Mentari telah bersinar. Membuatku terperanjat, aku telat. Hari ini jadwal mengajar jam pertama. Aku bergegas bangkit dan bersiap-siap untuk pergi ke kelas. Butuh sepuluh menit untuk sampai di depan kelas.
“Astagfirullah,
bisa mendapat omelan kepala sekolah kalau seperti ini.” Aku keluar dari kamar,
namun asrama telah kosong. Semua santri sudah berada di dalam kelas. Aku berjalan
sambil mengingat pukul berapa tidur tadi malam. Pukul 02.30 pagi, wajar saja
jika kesiangan. Pekerjaan sebagai operator benar-benar menguras tenaga, pikiran
dan waktu. Belum lagi tugas mengajar mulok. Meskipun satu pelajaran tetapi
mengajar tiga kelas.
“Lutfia!
Jam istirahat bapak tunggu di kantor.” Suara pak Arman membuat bulu kudukku
merinding. Kepala sekolah yang terkenal tegas ini benar-benar membuat nyali
ciut. Aku hanya menganggukan kepala lalu melanjutkan perjalanan menuju kelas.
Sesampainya
di kelas, siswa sudah siap menerima pelajaran, di sana ada guru piket yang
mengisi kekosongan atas keterlambatanku. Sungguh, ini membuatku sangat malu. Padahal
berada di lingkungan asrama, tapi bisa-bisanya telat ke kelas yang hanya
berjarak 400 meter. Aku masuk dan memulai pembelajaran setelah guru tadi keluar
kelas.
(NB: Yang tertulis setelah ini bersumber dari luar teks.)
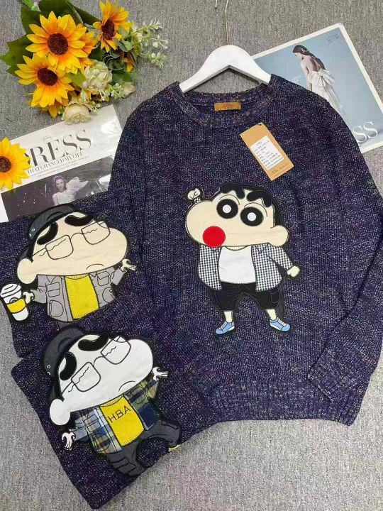 秋冬新款男女同款网红爆款卡通慵懒风蜡笔小新特种沙圆领套头毛衣,独立包装带吊牌,码数L--3XL码,450件,全清8.9元超低价秒杀!分货加一!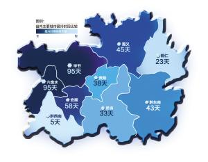吴战平表示,这就像国标中气温低于5℃的天数超过90天时,必须要采暖一样。在贵州,当人体舒适度持续稳定低于45的天数大于或等于90天时,则该区域适合城市集中供暖。这种综合了湿度和温度来划定的舒适度来作为标准更适合贵州。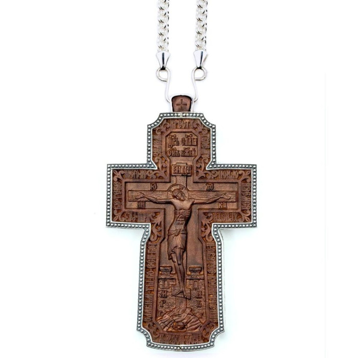 Хрест для священика з латуні в срібленні з декоративним чорнінням, з дерев'яним різьбленим образом, в комплекті з ланцюгом.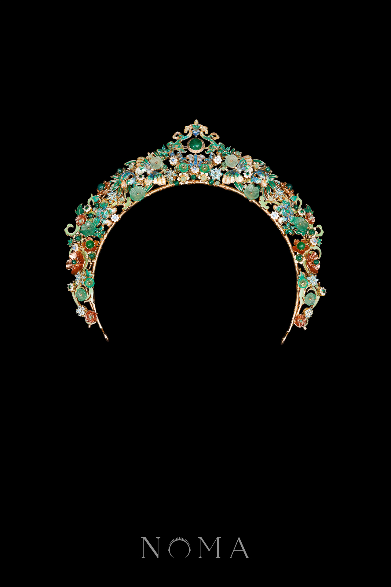 Colorful Mosaic Flying Butterfly Crown – Gold, Turquoise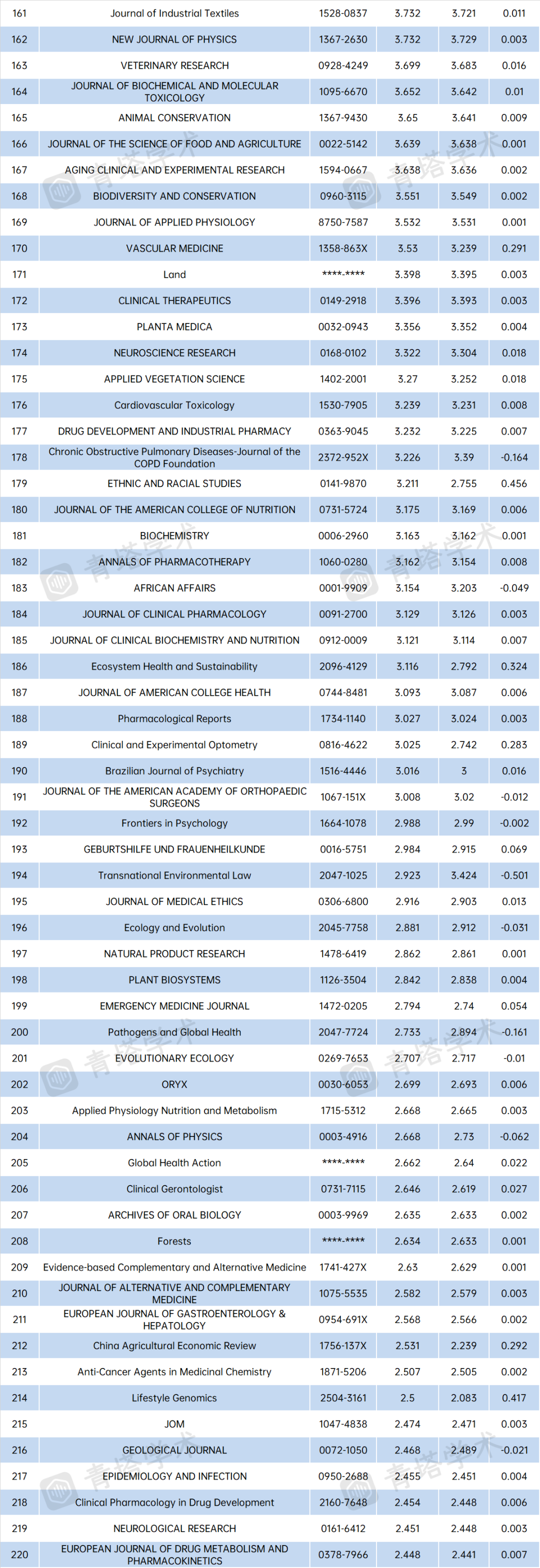 6月30日,2021年JCR影响因子正式发布,而每年下半年科睿唯安还会对影响因子进行修正,所有期刊的IF都以修正后的结果为准。近日,今年的修正版已发布,本次修正版发生变化的期刊有289本。在这次修正版中,共有37本期刊在修正版中重新获得了IF,209本期刊的IF上涨,43本出现下降。名单如下: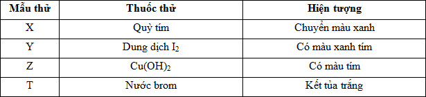 Kết quả thí nghiệm của các dung dịch X, Y, Z, T với thuốc thử được ghi ở bảng sau: Các dung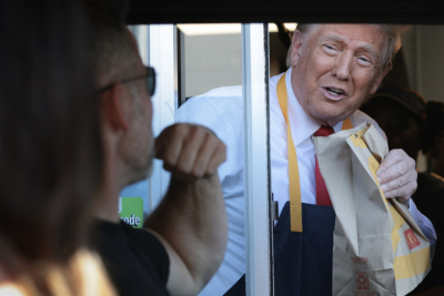Haris je tokom kampanje pričala o svojim iskustvima u Mekdonaldsu, odnosno da je tamo radila i pržila pomfrit, pa je Tramp odlučio da se okuša u tom poslu.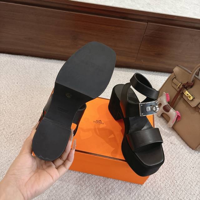 Factory Price P Hermes Lola 35 Sandals, stylish and versatile, paired with Kelly. Pure steel buckle, super comfortable. Every detail is meticulously crafted. The H-shaped design is simple and smooth, creating a fashionable and feminine look. Original calfskin, 1:1 original, exclusive private mold with logo, outsole not available on the market. The logo is laser-applied. Please recognize our exclusive private mold production. Heel height: 7.5cm, forefoot height: 4.0cm. Size: 35-42, 40, 41, 42. Custom orders are non-refundable and non-exchangeable.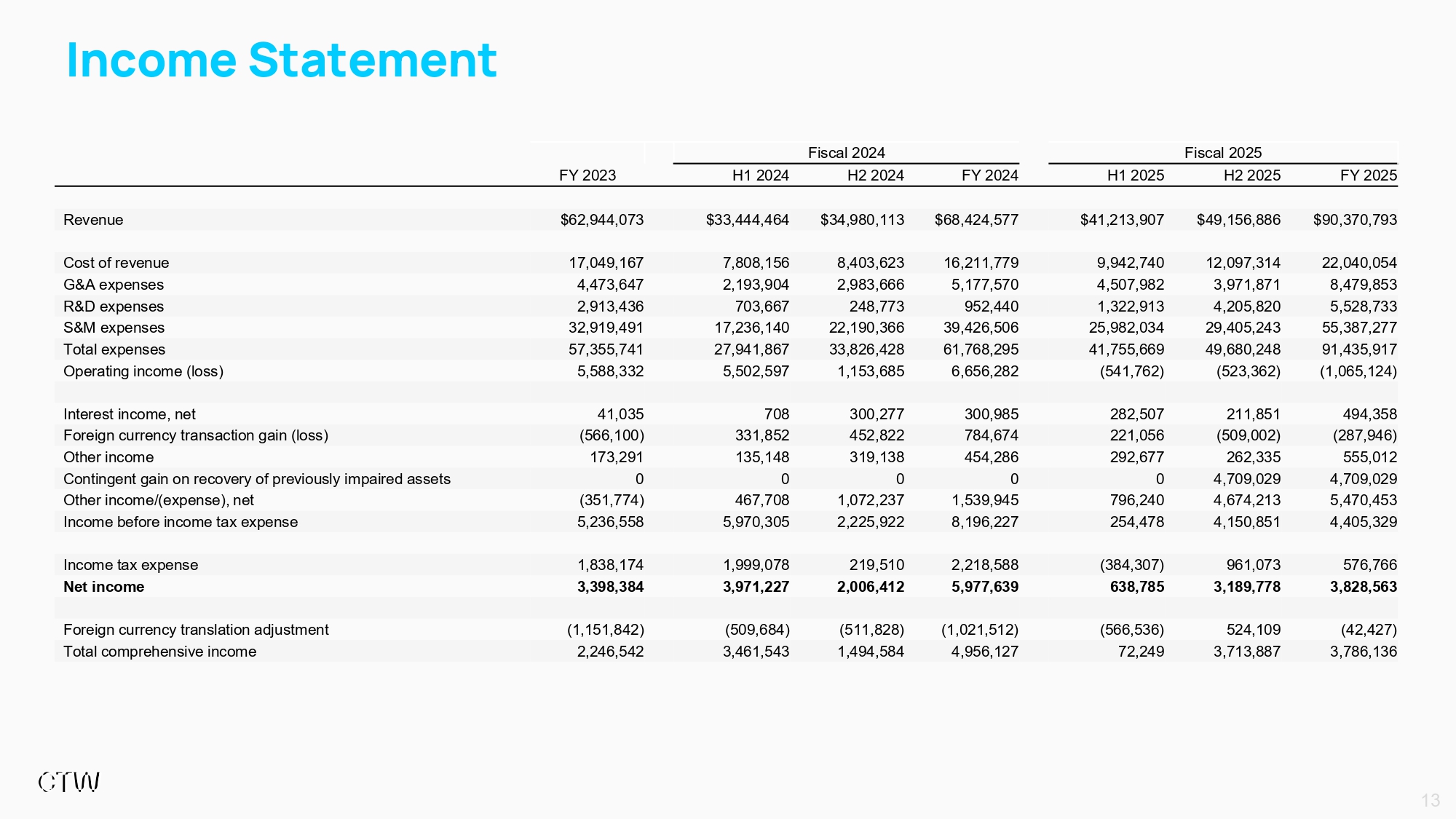 Income Statement Fiscal 2025 Fiscal 2024 FY 2025 H2 2025 H1 2025 FY 2024 H2 2024 H1 2024 FY 2023 $90,370,793 $49,156,886 $41,213,907 $68,424,577 $34,980,113 $33,444,464 $62,944,073 Revenue 22,040,054 12,097,314 9,942,740 16,211,779 8,403,623 7,808,156 17,049,167 Cost of revenue 8,479,853 3,971,871 4,507,982 5,177,570 2,983,666 2,193,904 4,473,647 G&A expenses 5,528,733 4,205,820 1,322,913 952,440 248,773 703,667 2,913,436 R&D expenses 55,387,277 29,405,243 25,982,034 39,426,506 22,190,366 17,236,140 32,919,491 S&M expenses 91,435,917 49,680,248 41,755,669 61,768,295 33,826,428 27,941,867 57,355,741 Total expenses (1,065,124) (523,362) (541,762) 6,656,282 1,153,685 5,502,597 5,588,332 Operating income (loss) 494,358 211,851 282,507 300,985 300,277 708 41,035 Interest income, net (287,946) (509,002) 221,056 784,674 452,822 331,852 (566,100) Foreign currency transaction gain (loss) 555,012 262,335 292,677 454,286 319,138 135,148 173,291 Other income 4,709,029 4,709,029 0 0 0 0 0 Contingent gain on recovery of previously impaired assets 5,470,453 4,674,213 796,240 1,539,945 1,072,237 467,708 (351,774) Other income/(expense), net 4,405,329 4,150,851 254,478 8,196,227 2,225,922 5,970,305 5,236,558 Income before income tax expense 576,766 961,073 (384,307) 2,218,588 219,510 1,999,078 1,838,174 Income tax expense 3,828,563 3,189,778 638,785 5,977,639 2,006,412 3,971,227 3,398,384 Net income (42,427) 524,109 (566,536) (1,021,512) (511,828) (509,684) (1,151,842) Foreign currency translation adjustment 3,786,136 3,713,887 72,249 4,956,127 1,494,584 3,461,543 2,246,542 Total comprehensive income 13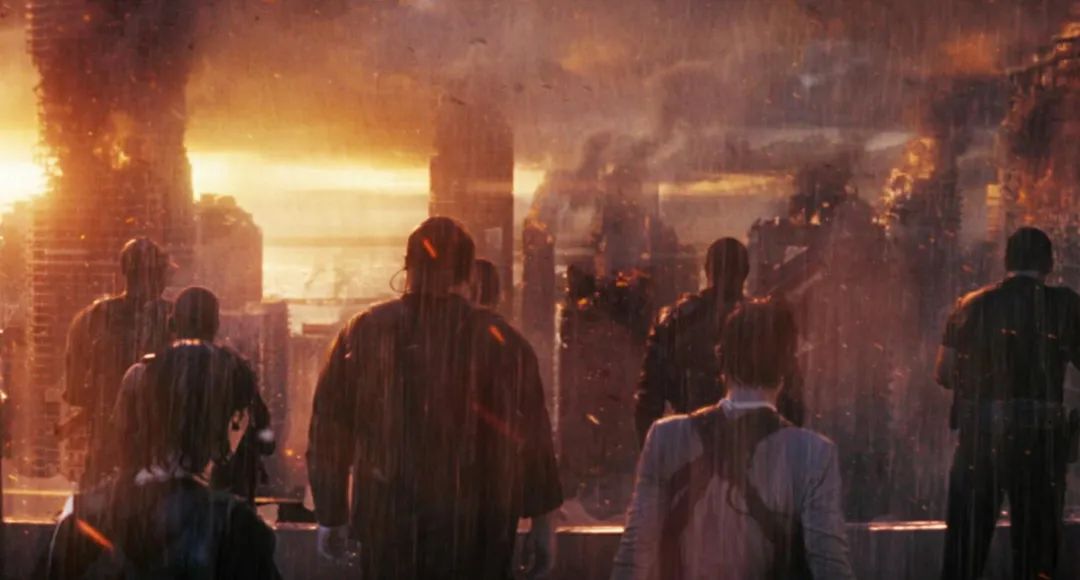 而在那之后,光线和色彩随即变得昏沉,未来灾难的氛围涌了进来,《明日之战》的基调才算正式显影,故事的讲述也才算开始。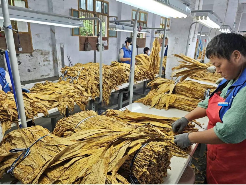 “向大哥,您这捆烟叶分级规范,‘打小捆’做得扎实,纯度高,等级错不了!”在专业化分级区,技术员黄师傅仔细查验烟农向大哥送来的烟叶,当场给出好评。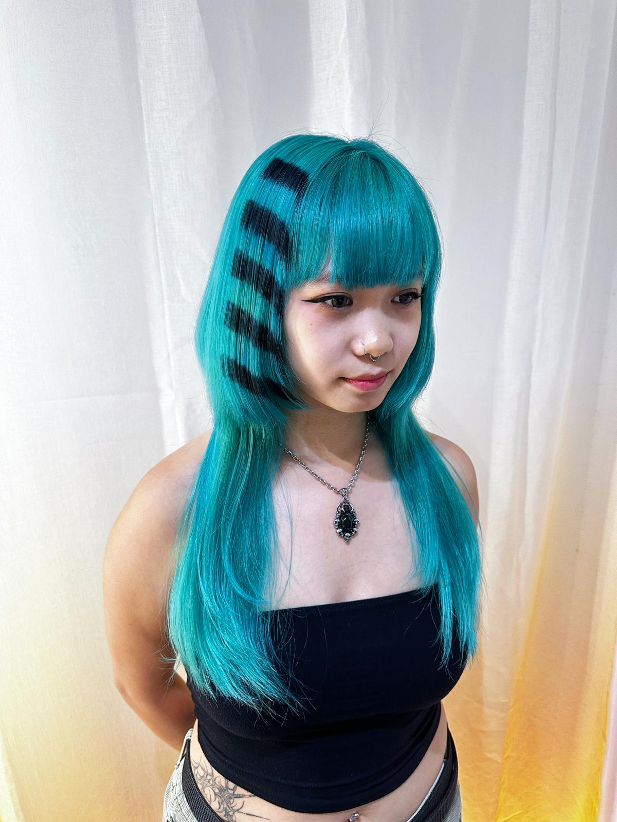 こちらはフルブリーチベースのデザインカラー。高彩度のネオングリーンに、前髪部分へ落とせる黒を使ったストライプデザインを組み合わせています。強いインパクトがありながら、ロングレイヤースタイルと合わせることでバランスの取れた仕上がりになります。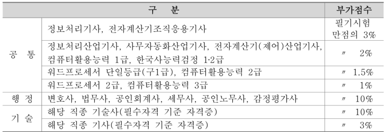 ※ 예) 전산 지원자가 정보처리기사, 사무자동화산업기사 보유 시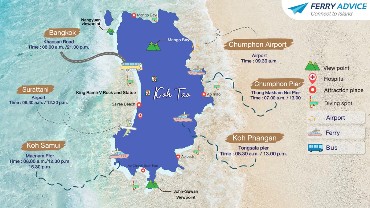 Timetable : Shuttle buses from Chumphon Airport and boats to Koh Tao Island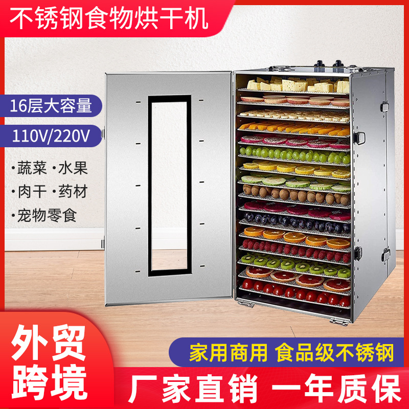 Mesin Pengering buah kering makanan komersial 16 tingkat pengering buah dan sayuran baja tahan karat pengering dehidrasi makanan ringan hewan peliharaan kustomisasi perdagangan luar negeri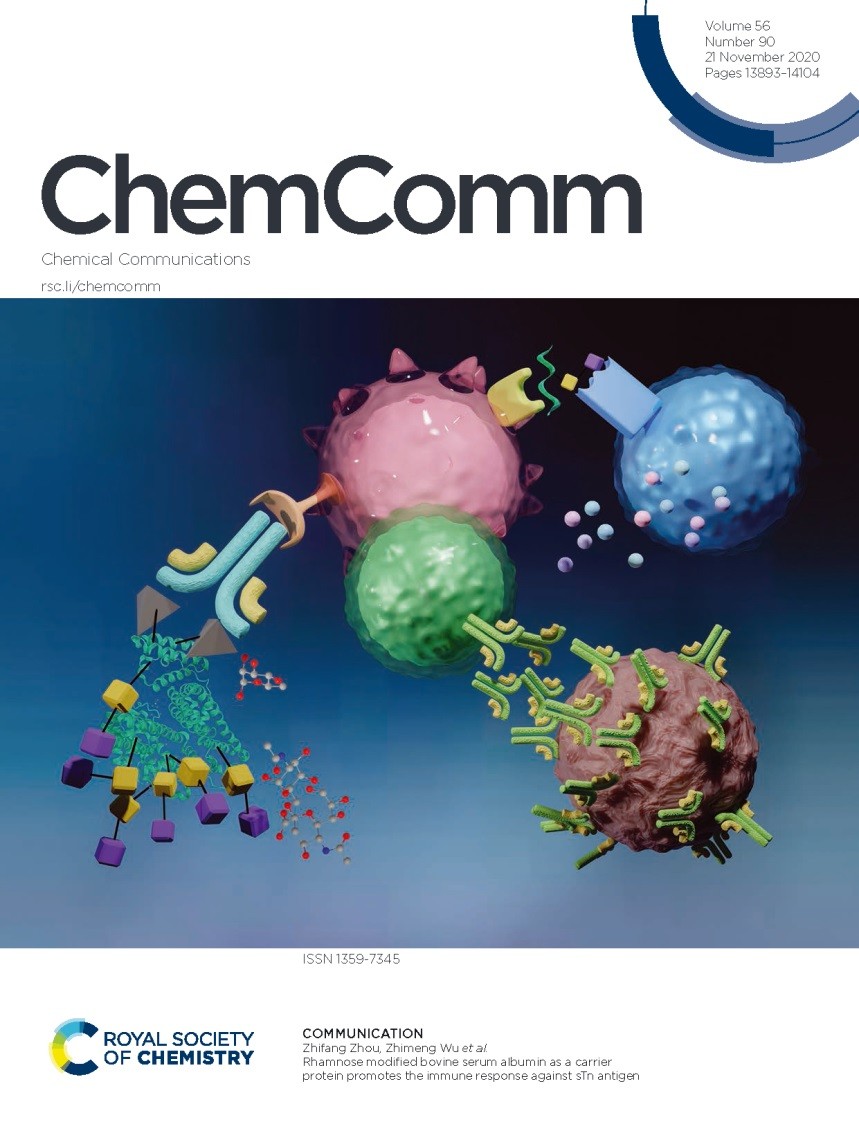 近期,我校88038威尼斯检测中心糖化学与生物技术教育部重点实验室吴志猛教授团队在肿瘤相关糖类疫苗研究方面取得重要进展,研究成果“Rhamnose modified bovine serum albumin as a carrier protein promotes the immuneresponse against sTn antigen”正式发表于Chemical Communications (Top 期刊,IF =/info/1021/ /5.996) (https://doi.org/10.1039/D0CC05263A),并被评选为封面论文(Front Cover)。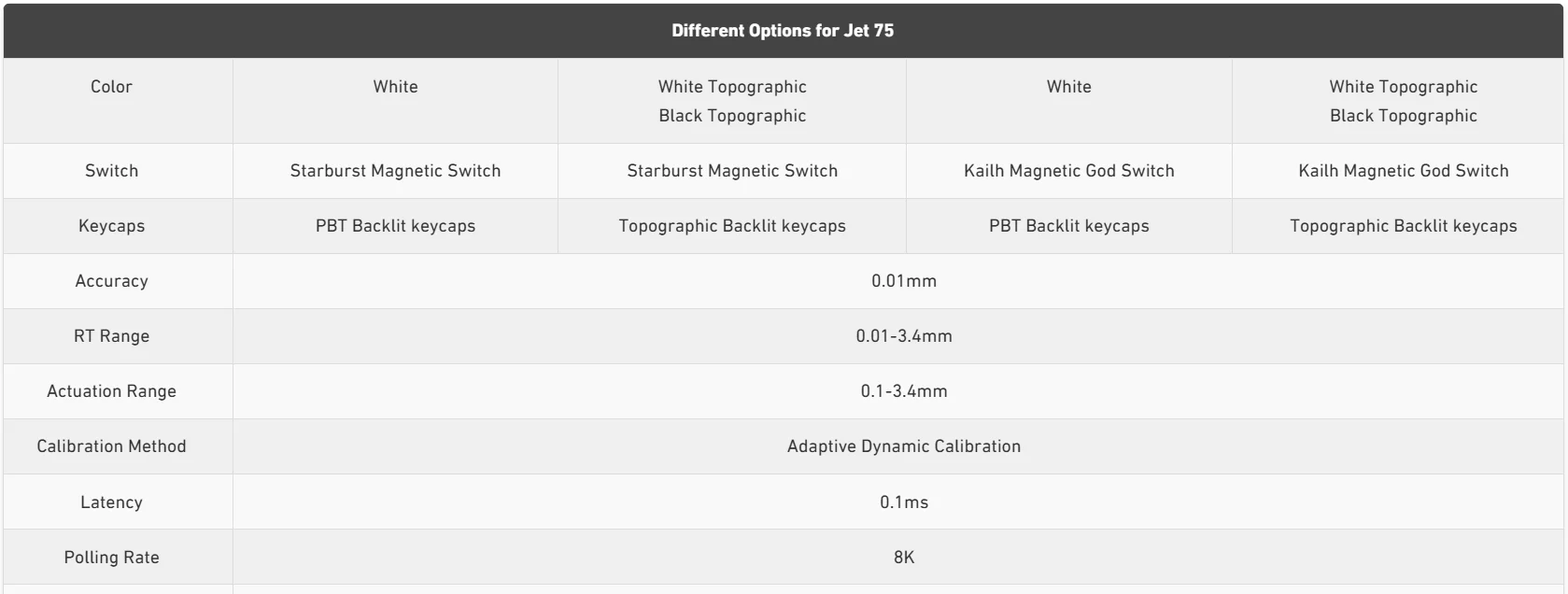 With a remarkable 0.01mm precision, the JET75 ensures every keystroke is captured with flawless responsiveness. Each press is recognized with pinpoint accuracy, ensuring that rapid combos and quick actions are executed flawlessly. It empowers you to react faster and execute with absolute control, giving you a distinct advantage in competitive gameplay.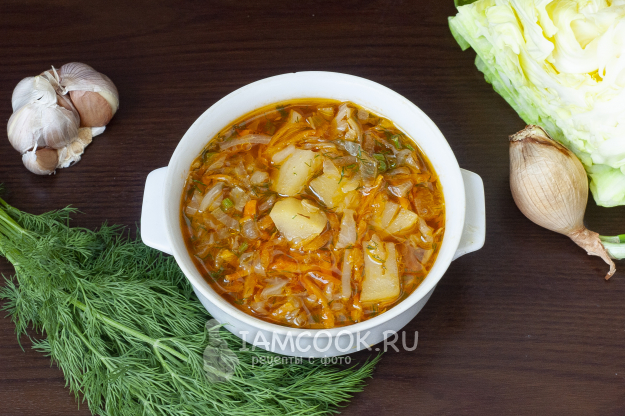 Вегетарианские щи из свежей капусты готовы. Приятного аппетита!
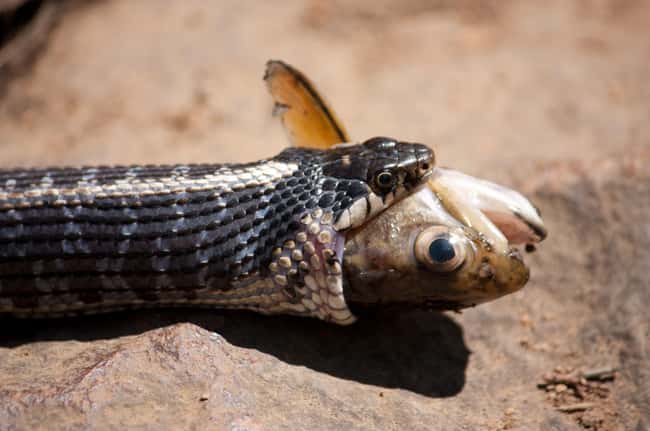 Due to their inability to chew, all snakes must swallow their food whole. Although they do have teeth, snakes only use them for grabbing onto things and, if they're venomous, injecting toxins into the prey. If they happen to grab onto a particularly large meal, they will attempt to regurgitate it, although sometimes this action will lead to death.

Aku lupa mempersiapkan materi hari ini akibat lembur semalam yang menyebabkanku
tidak bisa menguasai kelas dan gugup ketika siswa bertanya.
“Astagfirullah,
tidak akan lagi lembur untuk tugas yang satu ini. Berantakan semuanya.” batinku
sambil terus berpikir keras. Meskipun sulit akhirnya aku bisa menjawab
pertanyaan dari para siswa. Satu jam kemudian pembelajaran selesai. Aku mengembuskan
napas lega. Namun kembali sesak teringat ucapan Kepala Sekolah tadi.
“Baru
saja bernapas lega, harus siap-siap mendengar omelan kepala sekolah. Nasib begadang
tadi malam.” Gerutuku. Langkahku semakin lesu, wajahku kusut. Mata panda
bertengger dengan nyamannya. Belum lagi badan yang terasa remuk, pikiran kacau
dan rasa kantuk yang semakin menjadi. Pagi hari yang buruk.
Sesampainya
di kantor, aku masuk ke ruang kepala sekolah. Menyiapkan mental dan memasang
wajah memelas dengan penyesalan mendalam. Satu hal yang aku takutkan yaitu
Surat Peringatan. Terdengar seperti siswa saja bukan? Tapi ini nyata adanya.
“Mengapa
ibu terlambat masuk kelas? Bukankah ibu tahu itu melanggar disiplin?” Beliau
angkat bicara ketika aku baru saja duduk di hadapannya.
“Iya,
Pak. Saya minta maaf atas keterlambatan ini. Semalam saya begadang mengerjakan
Dapodik, Pak. Sebab, deadline-nya sebentar lagi.”
“Apa
tidak bisa dikerjakan besok? Bukankah waktunya cukup lama dari beberapa bulan
yang lalu?” Beliau terdiam, “kali ini saya memaafkanmu, ini yang terakhir kali.”
“Baik,
Pak. Saya akan berusaha tidak telat lagi. Saya mohon maaf.”
“Silahkan
keluar!” Aku segera bangkit dan keluar dari ruangan dengan hati mencelos.